§ **SOURCE INFORMATION**:
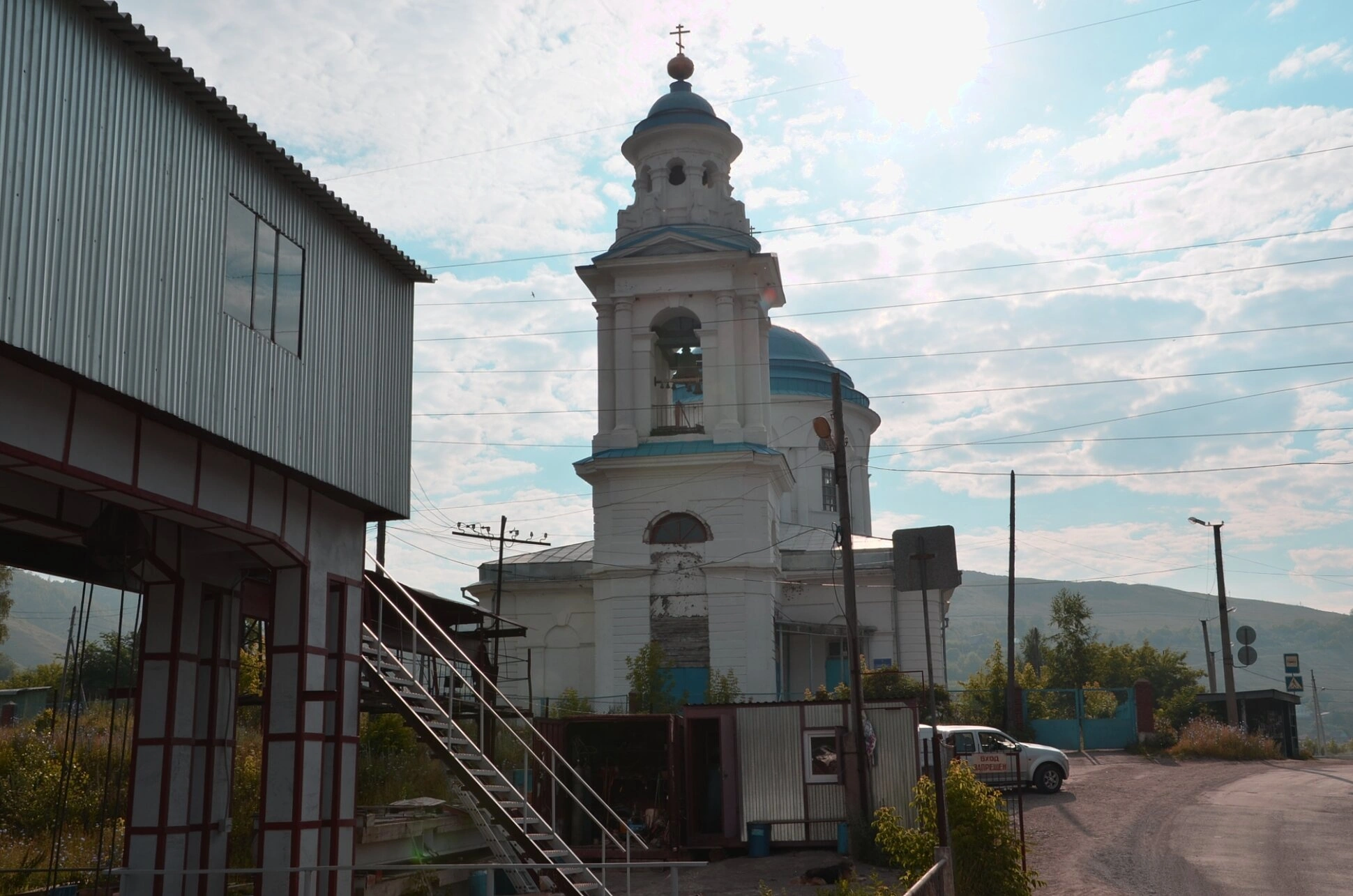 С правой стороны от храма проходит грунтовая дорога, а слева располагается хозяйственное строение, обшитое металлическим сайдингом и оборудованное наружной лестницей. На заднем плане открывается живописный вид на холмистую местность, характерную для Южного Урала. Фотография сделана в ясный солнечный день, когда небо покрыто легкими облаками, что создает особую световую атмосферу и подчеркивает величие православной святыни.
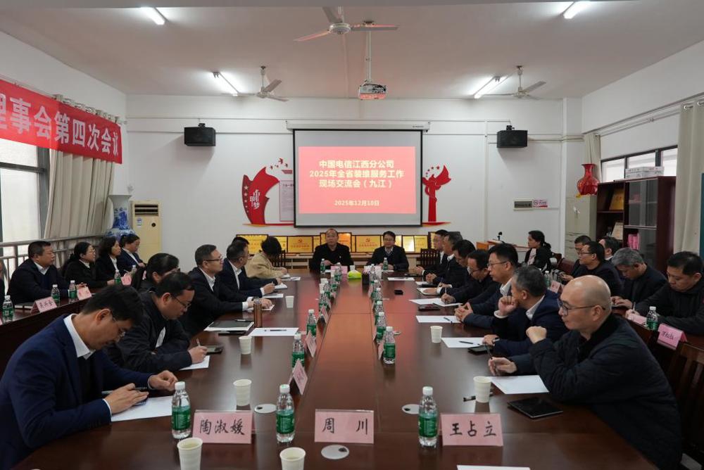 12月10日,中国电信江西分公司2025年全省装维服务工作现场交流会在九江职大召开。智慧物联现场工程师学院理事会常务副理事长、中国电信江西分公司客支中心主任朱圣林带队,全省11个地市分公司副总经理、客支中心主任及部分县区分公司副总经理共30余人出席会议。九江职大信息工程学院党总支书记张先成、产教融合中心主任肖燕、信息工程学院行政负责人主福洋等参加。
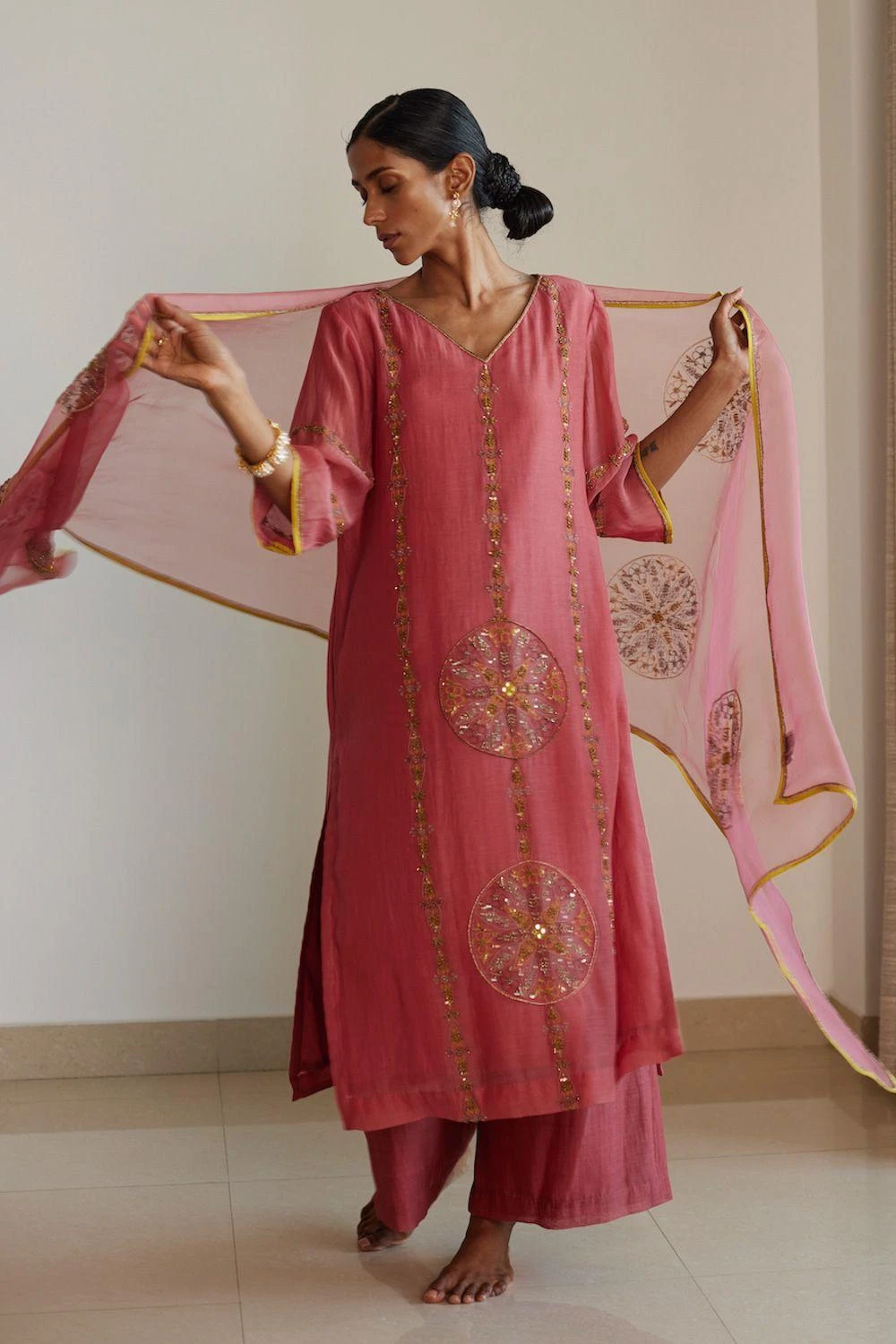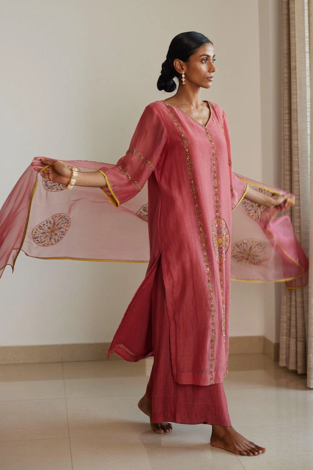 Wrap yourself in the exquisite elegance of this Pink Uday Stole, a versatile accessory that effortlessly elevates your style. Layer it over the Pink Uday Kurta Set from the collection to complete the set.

--

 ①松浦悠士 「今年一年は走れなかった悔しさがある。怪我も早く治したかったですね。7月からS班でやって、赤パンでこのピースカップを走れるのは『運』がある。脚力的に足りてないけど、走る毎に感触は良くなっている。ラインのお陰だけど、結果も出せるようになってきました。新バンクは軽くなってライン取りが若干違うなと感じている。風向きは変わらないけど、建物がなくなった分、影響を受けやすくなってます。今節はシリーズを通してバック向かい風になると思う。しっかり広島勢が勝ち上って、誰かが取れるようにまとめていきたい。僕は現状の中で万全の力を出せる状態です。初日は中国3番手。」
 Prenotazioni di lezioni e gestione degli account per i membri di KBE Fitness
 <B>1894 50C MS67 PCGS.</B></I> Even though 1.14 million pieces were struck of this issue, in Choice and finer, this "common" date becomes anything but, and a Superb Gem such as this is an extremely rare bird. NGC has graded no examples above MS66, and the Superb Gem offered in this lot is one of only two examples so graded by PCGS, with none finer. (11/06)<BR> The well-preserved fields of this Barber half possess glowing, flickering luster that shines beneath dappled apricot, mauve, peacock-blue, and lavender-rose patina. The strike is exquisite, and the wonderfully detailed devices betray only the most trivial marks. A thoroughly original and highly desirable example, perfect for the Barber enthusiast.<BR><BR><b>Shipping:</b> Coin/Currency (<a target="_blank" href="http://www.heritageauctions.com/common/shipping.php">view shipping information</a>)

==

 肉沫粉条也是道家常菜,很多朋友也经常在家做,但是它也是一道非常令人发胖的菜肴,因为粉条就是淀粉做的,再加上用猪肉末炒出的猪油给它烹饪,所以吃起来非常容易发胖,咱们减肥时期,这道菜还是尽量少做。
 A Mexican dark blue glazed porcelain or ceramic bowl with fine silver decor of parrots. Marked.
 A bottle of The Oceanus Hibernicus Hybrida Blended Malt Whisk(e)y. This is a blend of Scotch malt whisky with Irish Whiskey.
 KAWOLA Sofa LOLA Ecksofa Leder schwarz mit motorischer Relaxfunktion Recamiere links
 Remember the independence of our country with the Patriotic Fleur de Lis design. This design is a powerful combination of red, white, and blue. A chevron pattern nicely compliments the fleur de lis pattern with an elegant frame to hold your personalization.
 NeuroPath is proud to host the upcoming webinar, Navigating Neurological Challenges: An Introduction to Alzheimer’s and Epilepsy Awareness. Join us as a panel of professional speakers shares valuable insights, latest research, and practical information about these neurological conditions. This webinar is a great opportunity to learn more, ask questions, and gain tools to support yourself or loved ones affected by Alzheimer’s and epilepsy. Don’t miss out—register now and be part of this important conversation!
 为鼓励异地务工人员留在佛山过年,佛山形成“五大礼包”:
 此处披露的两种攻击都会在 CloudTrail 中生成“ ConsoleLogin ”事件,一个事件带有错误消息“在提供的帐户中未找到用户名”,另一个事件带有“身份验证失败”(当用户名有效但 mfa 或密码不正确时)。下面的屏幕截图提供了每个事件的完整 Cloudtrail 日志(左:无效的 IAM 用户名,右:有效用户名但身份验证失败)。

§ **TASK BRIEF**: In the entries above, find the line with "①松浦悠士 「今年一年は走れ" and the line with "<B>1894 50C MS67", then set down exactly those two and every line between them, nothing else.

§ **SOLVED EXERCISE**:
 ①松浦悠士 「今年一年は走れなかった悔しさがある。怪我も早く治したかったですね。7月からS班でやって、赤パンでこのピースカップを走れるのは『運』がある。脚力的に足りてないけど、走る毎に感触は良くなっている。ラインのお陰だけど、結果も出せるようになってきました。新バンクは軽くなってライン取りが若干違うなと感じている。風向きは変わらないけど、建物がなくなった分、影響を受けやすくなってます。今節はシリーズを通してバック向かい風になると思う。しっかり広島勢が勝ち上って、誰かが取れるようにまとめていきたい。僕は現状の中で万全の力を出せる状態です。初日は中国3番手。」
 Prenotazioni di lezioni e gestione degli account per i membri di KBE Fitness
 <B>1894 50C MS67 PCGS.</B></I> Even though 1.14 million pieces were struck of this issue, in Choice and finer, this "common" date becomes anything but, and a Superb Gem such as this is an extremely rare bird. NGC has graded no examples above MS66, and the Superb Gem offered in this lot is one of only two examples so graded by PCGS, with none finer. (11/06)<BR> The well-preserved fields of this Barber half possess glowing, flickering luster that shines beneath dappled apricot, mauve, peacock-blue, and lavender-rose patina. The strike is exquisite, and the wonderfully detailed devices betray only the most trivial marks. A thoroughly original and highly desirable example, perfect for the Barber enthusiast.<BR><BR><b>Shipping:</b> Coin/Currency (<a target="_blank" href="http://www.heritageauctions.com/common/shipping.php">view shipping information</a>)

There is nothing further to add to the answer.